Much time has elapsed since I last wrote here. I have been somewhat busy - I’ve moved across the country and have officially joined the ongoing effort to solve alignment. It’s been reassuring, to say the least, to find that there are others hard at work on this problem, even if there are fewer than I’d like. But without further ado: welcome back to Gaspode’s Gormful Guesswork!
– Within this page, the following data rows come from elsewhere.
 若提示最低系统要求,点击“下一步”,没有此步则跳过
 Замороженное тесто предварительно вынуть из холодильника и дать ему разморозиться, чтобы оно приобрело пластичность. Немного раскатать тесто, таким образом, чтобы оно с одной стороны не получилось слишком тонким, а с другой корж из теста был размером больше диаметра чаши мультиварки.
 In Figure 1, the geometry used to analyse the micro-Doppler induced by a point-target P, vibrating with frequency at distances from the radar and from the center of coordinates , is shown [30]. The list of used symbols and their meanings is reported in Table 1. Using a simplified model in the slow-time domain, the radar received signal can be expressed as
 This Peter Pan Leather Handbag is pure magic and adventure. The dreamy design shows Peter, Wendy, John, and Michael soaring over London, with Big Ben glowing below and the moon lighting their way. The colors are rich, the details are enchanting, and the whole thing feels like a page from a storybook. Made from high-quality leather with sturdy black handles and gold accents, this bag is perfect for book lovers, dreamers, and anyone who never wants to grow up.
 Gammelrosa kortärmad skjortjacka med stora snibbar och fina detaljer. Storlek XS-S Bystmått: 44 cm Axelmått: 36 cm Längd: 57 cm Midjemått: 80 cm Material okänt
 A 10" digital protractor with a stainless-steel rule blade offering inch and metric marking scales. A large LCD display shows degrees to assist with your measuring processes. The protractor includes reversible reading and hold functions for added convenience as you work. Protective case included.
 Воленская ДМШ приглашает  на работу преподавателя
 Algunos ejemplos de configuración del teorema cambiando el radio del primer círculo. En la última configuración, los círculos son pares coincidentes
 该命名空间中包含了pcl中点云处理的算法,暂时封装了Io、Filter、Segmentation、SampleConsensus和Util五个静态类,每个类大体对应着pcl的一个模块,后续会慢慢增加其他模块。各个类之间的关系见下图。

the big picture of AI alignment
I’ve outlined my view of artificial general intelligence and AI alignment before, but I’ll give a brief summary here. I believe that we have passed a critical point, past which there remain no significant economic incentive barriers to the development of AGI. I think we are very close to constructing autonomous agentic systems, not least because the major labs have kicked off an AI arms race, and can’t coordinate to slow down due to Molochian effects. I think the default outcome of building such a system will be quite terrible indeed.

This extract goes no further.